Actually, the log I sent in my previous message, shows the only error that
occurred before the buffer pool was destroyed. That intermittent warning:

2021-01-26 04:14:33,140 WARN
 org.apache.flink.streaming.connectors.kafka.internal.KafkaFetcher [] -
Committing offsets to Kafka takes longer than the checkpoint interval.
Skipping commit of previous offsets because newer complete checkpoint
offsets are available. This does not compromise Flink's checkpoint
integrity.
2021-01-26 04:14:33,143 INFO  org.apache.kafka.clients.FetchSessionHandler
                [] - [Consumer clientId=consumer-luminai-2,
groupId=luminai] Error sending fetch request (sessionId=936633685, epoch=1)
to node 2: {}.
org.apache.kafka.common.errors.DisconnectException: null

I know that probably doesn't help much. Sorry.

On Mon, Jan 25, 2021 at 11:44 PM Arvid Heise <[email protected]> wrote:

> Hi Marco,
>
> the network buffer pool is destroyed when the task manager is shutdown.
> Could you check if you have an error before that in your log?
>
> It seems like the timer is triggered at a point where it shouldn't. I'll
> check if there is a known issue that has been fixed in later versions. Do
> you have the option to upgrade to 1.11.3?
>
> Best,
>
> Arvid
>
> On Tue, Jan 26, 2021 at 6:35 AM Marco Villalobos <
> [email protected]> wrote:
>
>> Hi.  What causes a buffer pool exception? How can I mitigate it? It is
>> causing us plenty of problems right now.
>>
>> 2021-01-26 04:14:33,041 INFO
>>  org.apache.flink.streaming.api.functions.sink.filesystem.Buckets [] -
>> Subtask 1 received completion notification for checkpoint with id=4.

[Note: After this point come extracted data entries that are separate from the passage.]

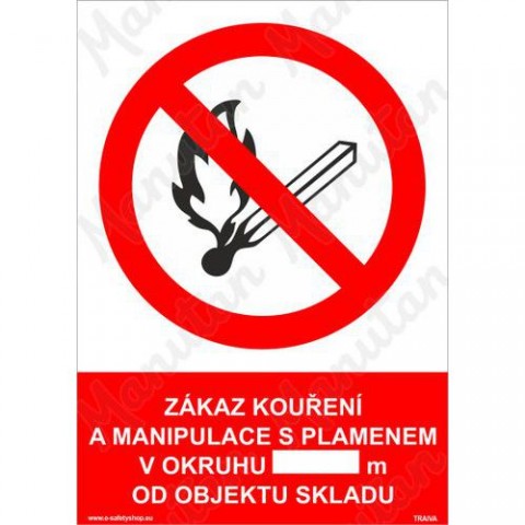 Bezpečnostní značka, tabulka nebo samolepka "Zákaz kouření a manipulace s plamenem v okruhu . . . m od skladu" plně odpovídá požadavkům právních a technických předpisů, zejména Nařízení vlády č. 375/2017 Sb., ČSN ISO 3864-1, ČSN ISO 3864-2, ČSN ISO 3864-3, ČSN ISO 3864-4. Bezpečnostní tabulka slouží k vymezení prostoru, kde je zakázáno kouření a manipulace s plamenem v určitém okruhu od skladu.Zákazové tabulky - Zákaz kouření a manipulace s plamenem v okruhu m od skladu
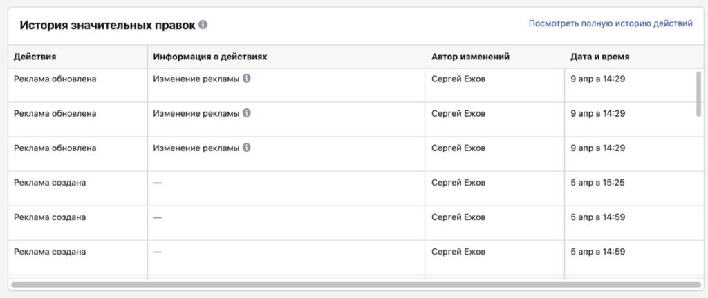 Ну и самая простая и понятная секция. Она показывает, кто вносил значительные правки в группу объявлений.
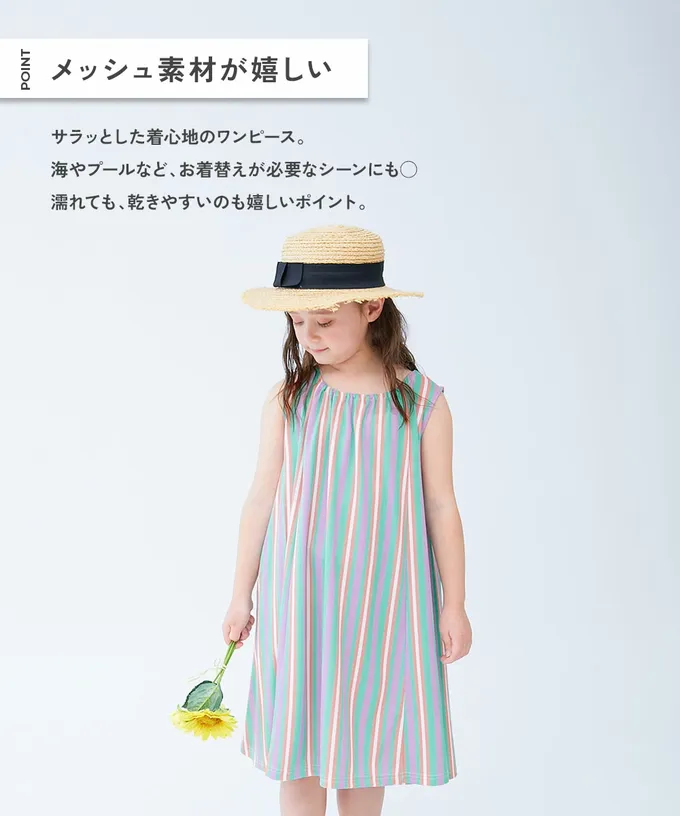 日本 devirock - 涼感速乾網眼 可愛印花無袖洋裝-直條紋-紫綠系
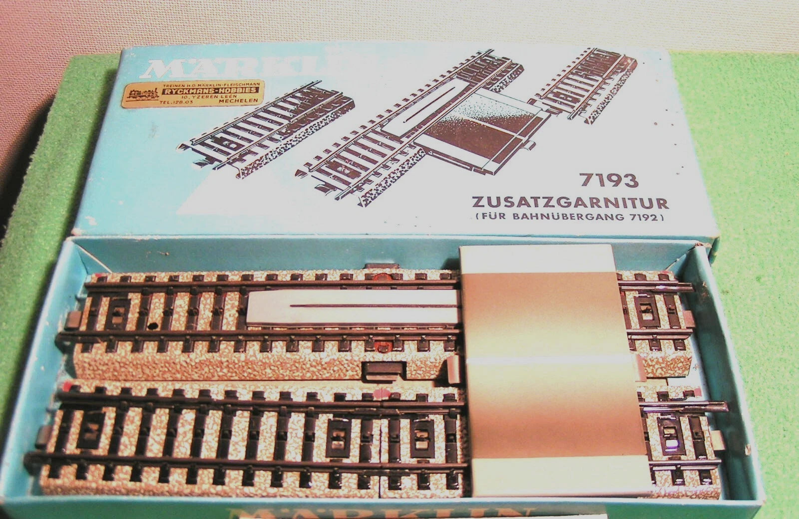 Here is a lot of 1 x 7193 HO Marklin - Set Contact tracks for level passing 7192, for M-tracks, in good condition, WITH original box. Buyer pay all shipment-, package-, handle-, bank transfert costs. Weight all included : ± 340 gr.
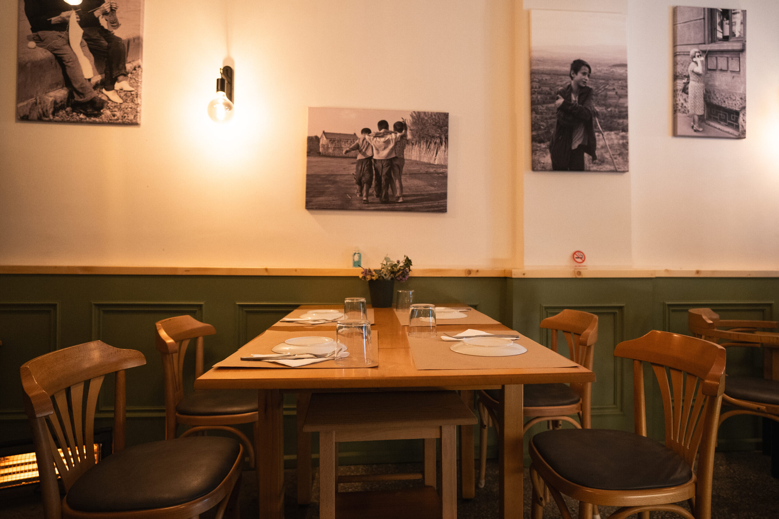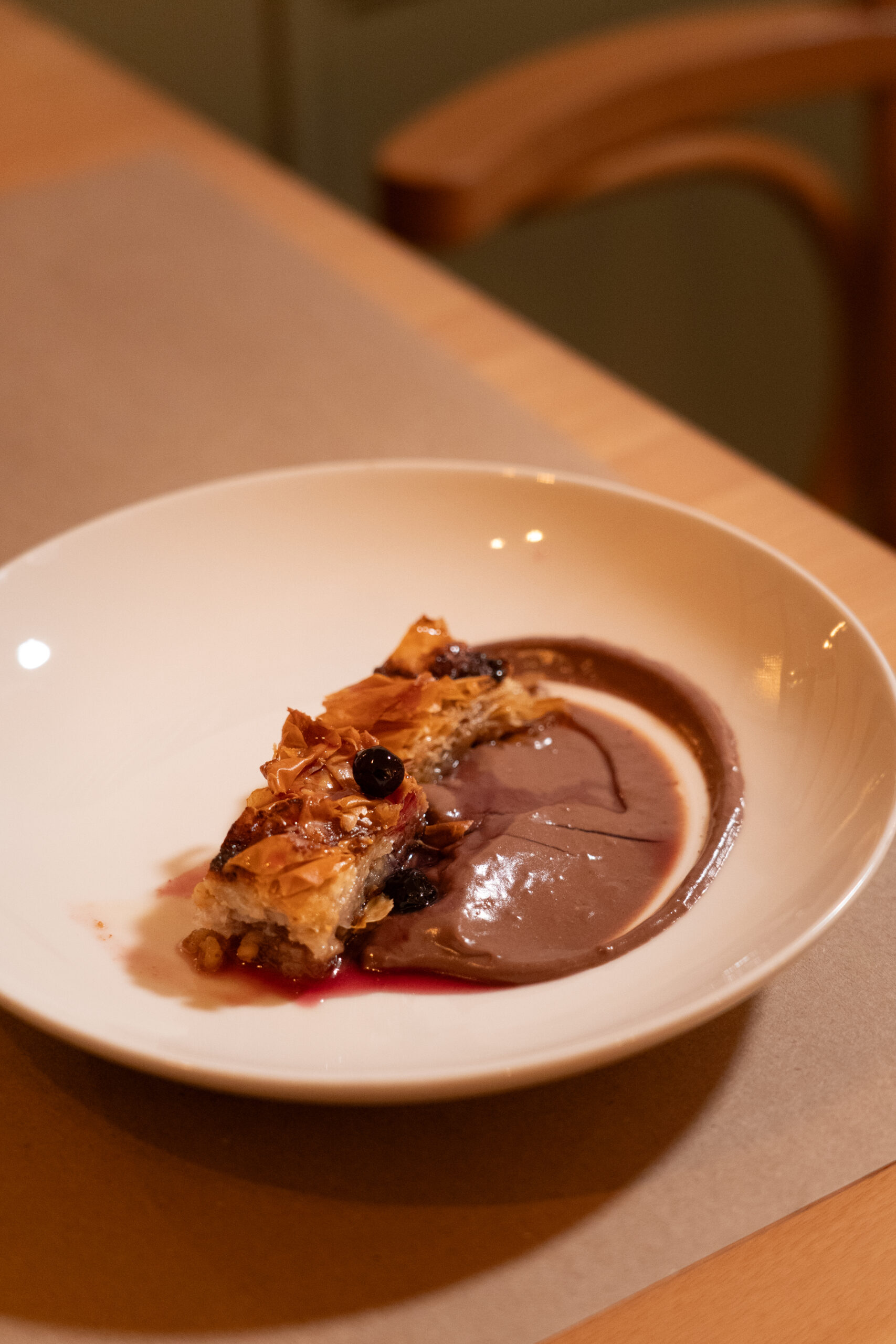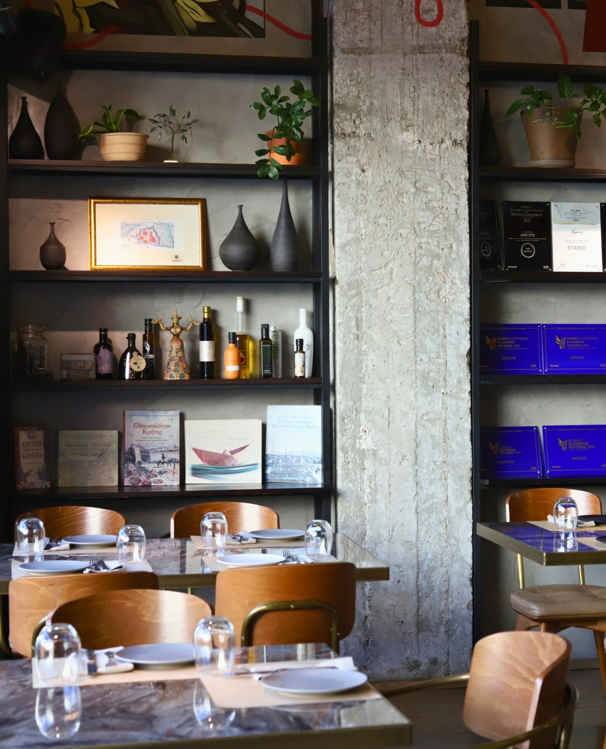 Όσον αφορά τα dumplings με γίδα στο ζωμό της συν teriyaki σως και γαρνιτούρα λαχανάκια Βρυξελλών και μανιτάρια σιμέτζι, στο ίδιο μοτίβο της «ελευθεριάκης» θα λέγαμε συνύπαρξης των υλικών, τα καταχωρήσαμε στη λίστα των πιάτων για τα οποία θα ξαναπάμε στο εστιατόριο. Ως επιδόρπιο, ένας περίεργος χειροποίητος μπακλαβάς με κρέμα σοκολάτας και γλυκό του κουταλιού μύρτιλο που σε κάνει να τρως άλλη μια και μετά άλλη μια μπουκιά ώσπου να καταλάβεις τι είναι αυτό που σε κάνει να σου αρέσει τόσο πολύ. Η κουζίνα είναι μικρή, το μωσαϊκό στο πάτωμα και τα ρετρό σερβίτσια εγκαλούν μια νοσταλγία για το παλιό και κάνουν ενδιαφέρουσα αντίστιξη με τις ανατρεπτικές γεύσεις. Λίγα τραπεζάκια έξω και ουρά για ένα τραπέζι μέσα.

>> 2021-01-26 04:14:33,140 WARN
>>  org.apache.flink.streaming.connectors.kafka.internal.KafkaFetcher [] -
>> Committing offsets to Kafka takes longer than the checkpoint interval.
>> Skipping commit of previous offsets because newer complete checkpoint
>> offsets are available. This does not compromise Flink's checkpoint
>> integrity.
>> 2021-01-26 04:14:33,143 INFO
>>  org.apache.kafka.clients.FetchSessionHandler                 [] -
>> [Consumer clientId=consumer-luminai-2, groupId=luminai] Error sending fetch
>> request (sessionId=936633685, epoch=1) to node 2: {}.

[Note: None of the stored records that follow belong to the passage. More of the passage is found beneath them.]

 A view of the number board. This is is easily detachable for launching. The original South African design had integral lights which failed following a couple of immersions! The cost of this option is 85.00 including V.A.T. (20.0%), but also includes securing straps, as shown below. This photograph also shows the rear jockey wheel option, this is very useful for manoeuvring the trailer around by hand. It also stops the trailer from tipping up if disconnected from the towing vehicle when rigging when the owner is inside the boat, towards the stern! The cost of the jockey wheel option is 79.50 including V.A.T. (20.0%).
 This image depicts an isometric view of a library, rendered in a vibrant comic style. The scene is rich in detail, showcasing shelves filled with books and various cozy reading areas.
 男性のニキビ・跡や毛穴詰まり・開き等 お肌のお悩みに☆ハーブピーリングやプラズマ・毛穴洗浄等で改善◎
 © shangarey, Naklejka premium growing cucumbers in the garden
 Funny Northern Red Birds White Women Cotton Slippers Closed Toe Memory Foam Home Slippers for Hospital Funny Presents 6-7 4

>> org.apache.kafka.common.errors.DisconnectException: null
>> 2021-01-26 04:14:33,146 INFO
>>  org.apache.flink.streaming.api.functions.sink.filesystem.Buckets [] -
>> Subtask 1 checkpointing for checkpoint with id=5 (max part counter=1).
>>
>> THEN FINALLY
>>
>> ERROR
>> ai.beyond.luminai.sensor.pipeline.stream.functions.process.ForwardFillKeyedProcessFunction
>> [] - Error in timer.
>> java.lang.RuntimeException: Buffer pool is destroyed.
>> at
>> org.apache.flink.streaming.runtime.io.RecordWriterOutput.pushToRecordWriter(RecordWriterOutput.java:110)
>> ~[flink-dist_2.12-1.11.0.jar:1.11.0]
>> at
>> org.apache.flink.streaming.runtime.io.RecordWriterOutput.collect(RecordWriterOutput.java:89)

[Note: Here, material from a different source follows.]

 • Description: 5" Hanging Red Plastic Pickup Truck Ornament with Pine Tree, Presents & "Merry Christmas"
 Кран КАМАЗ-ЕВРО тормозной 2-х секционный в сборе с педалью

>> ~[flink-dist_2.12-1.11.0.jar:1.11.0]
>> at
>> org.apache.flink.streaming.runtime.io.RecordWriterOutput.collect(RecordWriterOutput.java:45)
>> ~[flink-dist_2.12-1.11.0.jar:1.11.0]
>> at
>> org.apache.flink.streaming.runtime.tasks.OperatorChain$BroadcastingOutputCollector.collect(OperatorChain.java:787)
>> ~[flink-dist_2.12-1.11.0.jar:1.11.0]
>> at
>> org.apache.flink.streaming.runtime.tasks.OperatorChain$BroadcastingOutputCollector.collect(OperatorChain.java:740)
>> ~[flink-dist_2.12-1.11.0.jar:1.11.0]
>> at
>> org.apache.flink.streaming.api.operators.CountingOutput.collect(CountingOutput.java:52)
>> ~[flink-dist_2.12-1.11.0.jar:1.11.0]
>> at
>> org.apache.flink.streaming.api.operators.CountingOutput.collect(CountingOutput.java:30)
>> ~[flink-dist_2.12-1.11.0.jar:1.11.0]
>> at
>> org.apache.flink.streaming.api.operators.TimestampedCollector.collect(TimestampedCollector.java:53)
>> ~[flink-dist_2.12-1.11.0.jar:1.11.0]
>> at
>> mypackage.MyOperator.collect(MyOperator.java:452)
>> ~[develop-17e9fd0e.jar:?]
>> at mypackage.MyOperator.onTimer(MyOperator.java:277)
>> ~[develop-17e9fd0e.jar:?]
>> at
>> org.apache.flink.streaming.api.operators.KeyedProcessOperator.invokeUserFunction(KeyedProcessOperator.java:94)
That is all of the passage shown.